How I learn is a collection that was put together by Cork woman/Limerick resident teacher, Helen Bullock. The cover is illustrated by Thurles woman, Rachael Cooke.

We learn something new everyday, or so the saying goes, but this new collection of personal stories proves that old adage to be true. A broad range of people inside and outside of Ireland have come together to explain what they learn and how they do it, and how we can learn from their experiences.

#HowIlearn is a crowd sourced book featuring work from teachers, pupils and life long learners. #HowIlearn looks at different learning styles and personal experiences.

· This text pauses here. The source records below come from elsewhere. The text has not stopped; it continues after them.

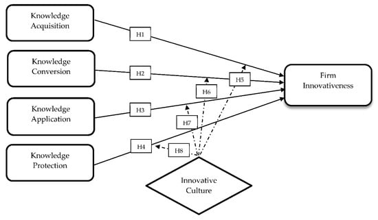 Additionally, through innovative culture, knowledge can be easily shared among employees and the sharing will ultimately enhance the creation of new ideas which will lead to better performance []. In the same vein, innovative culture may be crucial in linking technological knowledge-based assets and innovation as the approach for using technological resources are the essence in deciding the optimum usage of resources and capabilities of the organisation []. It was found recently that innovative culture influences supervisors and employees to accept innovative activities that encourage the organisation to be innovative []. Accordingly, the hypothesis is formulated as: “The positive relationship between knowledge management and firm innovativeness will be enhanced when innovative culture is high”. Based on the developed hypothesis, this study will investigate the moderating role of innovative culture on the relationships between knowledge management and firm innovativeness from four perspectives of KM, i.e., knowledge acquisition (H5), knowledge conversion (H6), knowledge application (H7) and knowledge protection (H8). Figure 1 depicts the conceptual model of the present study.
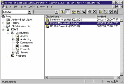 安装成功后,在管理界面中,通过双击左窗口中的"Coectio"图标,就可以在右窗口中看到新安装的Internet Mail Service,如图2所示。
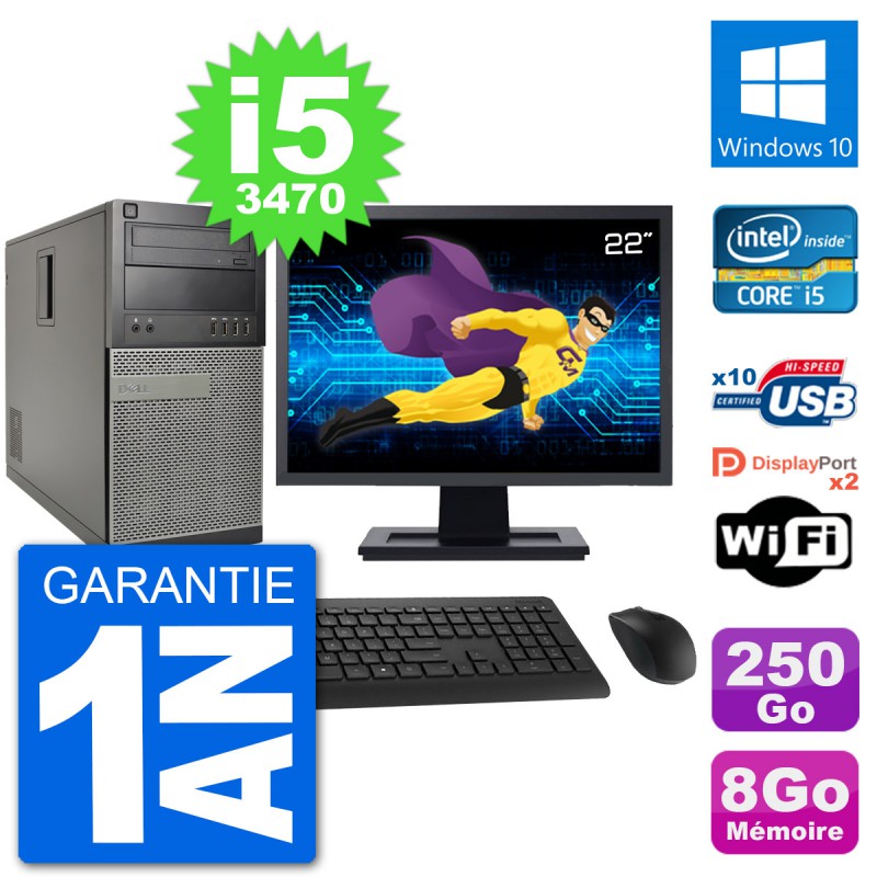 PC Dell 7010 MT - Intel Core i5-3470 3.2 Ghz (6 Mo) - 8 Go DDR3 - Disque Dur 3,5" 250 Go - Graveur DVD - Clef Wifi USB - Windows 10 - Livré avec Ecran 22" + clavier + souris (Marques et modèles variables) - Garantie 1 an.
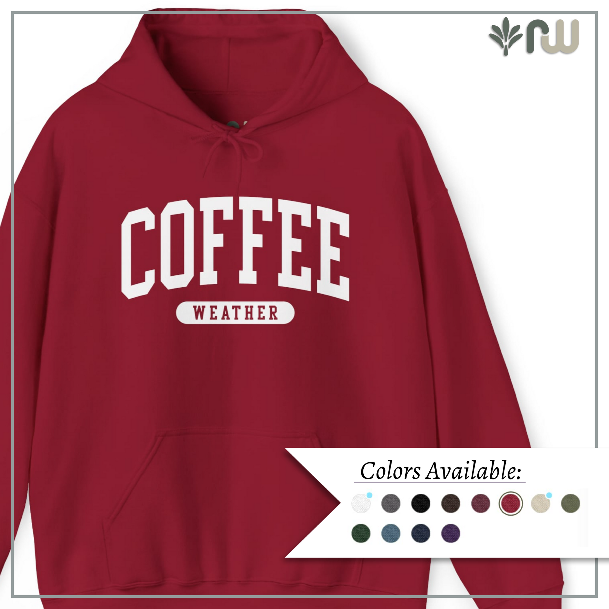 Celebrate the cozy charm of autumn with our "Coffee Weather" hooded sweatshirt, a perfect nod to crisp fall days and warm drinks. Crafted from a soft, warm cotton-blend, this unisex hoodie offers all-day comfort and relaxed style with a drawstring hood for extra coziness. The design features the phrase "Coffee Weather" in a bold, stylish font, evoking the inviting feeling of sipping a hot coffee on a chilly morning. Perfect for layering during cool autumn outings or gifting to fellow coffee lovers, this hoodie captures the essence of fall’s cozy, comforting vibe.

Contributors include Rick O’Shea from 2fm, Catherine Cronin, lecturer in NUIG, Pam O’Brien and Bernard Goldbach lecturers in LIT Thurles and regular users of ICT and technology in learning and many more.

Proceeds from How I learn will be donated to Barnardos, a charity which all contributors felt would benefit hugely from this project. Barnardos helps and supports children and families who are most at risk. Barnardos focuses on the increased emotional well-being of the child and family as well as improving learning and development. How I learn felt that Bernardos was the ideal fit and are delighted to be able to support them in all the work that they do.

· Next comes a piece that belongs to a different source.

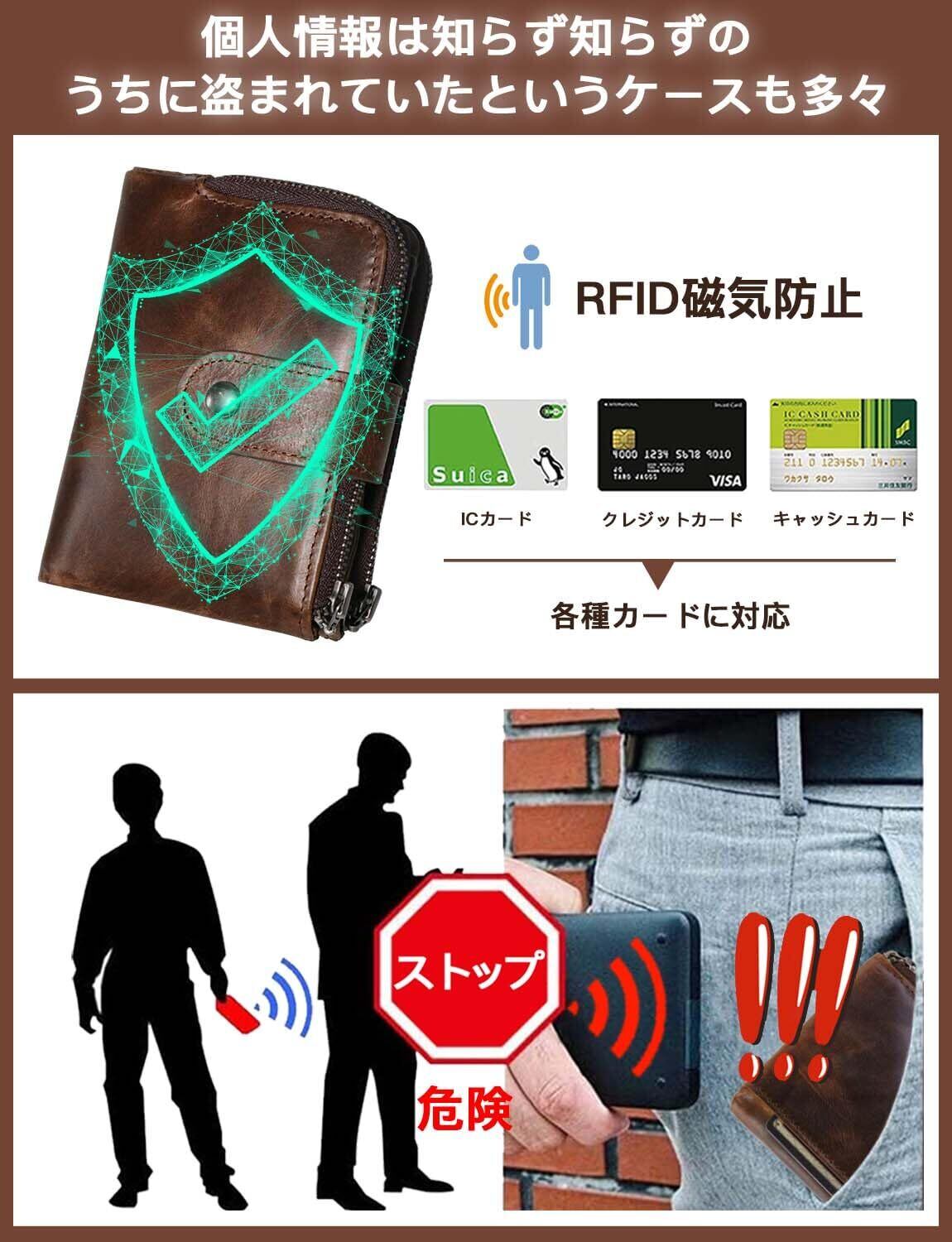 【革新的な2つの小銭入れのデザイン】左側にはあまり使わないものを、右側にはよく使う小銭を。【RFIDブロック素材でスキミング防止】キャッシュレス化が進む中、当店では財布 メンズ 二つ折り 大容量の製品にはRFIDブロック、つまりスキミング防止機能を必ず搭載しています。スキミング犯罪は、クレジットカードなどの個人データを盗み出す犯罪行為であり、特にRFIDが搭載されているカードは非接触でスキミングされることがあります。私たちは、お客様の個人情報を守るために、スキミングからの保護に最善を尽くしています

“We all learn differently and the work Helen Bullock has done in How I learn brings that to the forefront of education, How I learn is a vital reminder to educators, parents and learners alike, to find their unique learning style and embrace it.” Ciaran Cannot TD, Minister of State, Department of Education and Skills.

“How I learn is one of those brilliant and passionately put together ideas that should be recommended to everyone” Rick O’Shea, presenter 2fm.

“I think How I learn is a great initiative – showing that, with regard to education, one size does not fit all.” Hazel Larkin, Dublin, Mother of two.

“Teachers can forget their students might learn differently to themselves. This book is a collection of the varied learning styles that might surface in a classroom, and which need to be met.” Caroline Carswell of Irish Deaf Kids.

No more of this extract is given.